Welfare Reform Act Changes to Medicaid Leave Legal Immigrants Searching for Health Care
A provision in the welfare reform act passed by Congress on Aug. 22, 1996, that precludes "new green-card holders" from qualifying for Medicaid for their first five years in the country has created a "bewildering health care abyss" for immigrants who entered the United States after that date, the Wall Street Journal reports. About four million "legal permanent residents" have been affected by the ban. They, like recent immigrants and all uninsured citizens in every state, must "rely on the local safety nets of public and private charity." Congress, however, did allow states to "offer some or all Medicaid coverage to some or all new legal immigrants," and about 12 have done so at "their own expense," but the coverage in even the "more generous" states does not "match" traditional Medicaid. In addition to state coverage, local hospitals and clinics have "randomly tak[en] up the slack." The result has been a "crazy quilt" of health care for legal immigrants, whose ability to receive care often depends on where in the United States they have chosen to settle.

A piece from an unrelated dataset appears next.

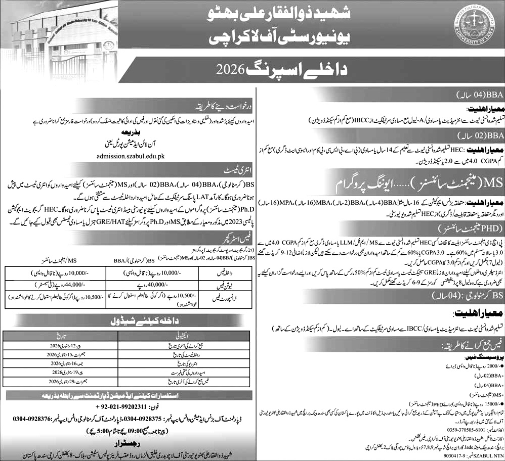 ♨️*Shaheed Zulfiqar Ali Bhutto University of Law (SZABUL), Karachi*Admissions Spring 2026◾*Sector:* Govt◾*Last Date to Apply:* 12 January, 2026◾*Entry Test:* 15 January, 2026◾*Details:* https://szabul.edu.pk/admissionannounce.html◾*Apply Online:* https://admission.szabul.edu.pk/`To Apply Online in any University and Entry Test, WhatsApp at` 03146685547*☆ Follow Our Whatsapp Channel for All Admissions Updates and Educational News👇🏻*
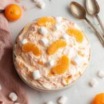 A light and refreshing Mandarin Orange Salad combining creamy Cool Whip and sour cream with citrusy orange gelatin, mandarin oranges, and sweet mini marshmallows for a delightful side dish or dessert.

Connecticut, for instance, "imposes a six-month residency rule" for most legal immigrants, while Wyoming covers three prescriptions a month plus oxygen for disabled immigrants. The National Health Law Program said the Medicaid restriction has created a "nearly incomprehensible patchwork of rules and restrictions that confuse even the most seasoned expert."
'Castigating' Congress
In June, New York's highest court struck down the state's five-year ban on Medicaid for legal immigrants, saying it violated the provision of the state Constitution guaranteeing equal protection for all poor people. The court also "castigated Congress for giving states a choice in filling the Medicaid gap for immigrants," which, it said, "usurped Congressional sovereignty over immigration and denied immigrants equal protection of the law." While the ruling was good news for immigrants in New York, which will now have to provide coverage with state funds, the Journal reports that the state's Constitution is "unusual, and similar challenges haven't surfaced in other states."
A 'Time Bomb' Ignites
The 1996 law also contains a less-noticed provision: For immigrants who apply for Medicaid after having been in the United States for five years, the income of their sponsor will also be considered to determine program eligibility, which in many cases will cause the applicant's income to exceed Medicaid eligibility thresholds. And for those who do qualify, their sponsors "must sign an affidavit binding them to repay the government" for the care of immigrants issued green cards after 1997, a "deal [that] lasts until the immigrants become citizens." The Journal reports that the sponsor liability provision is a "time bomb" that is just now -- five years after passage of the welfare act -- "go[ing] off." As a result, sponsors are becoming aware that they "may someday be saddled with huge medical bills"; subsequently, the rate of immigration is likely to decrease, as "[f]ewer Americans are showing the willingness to put their assets on the line to sponsor relatives or employees."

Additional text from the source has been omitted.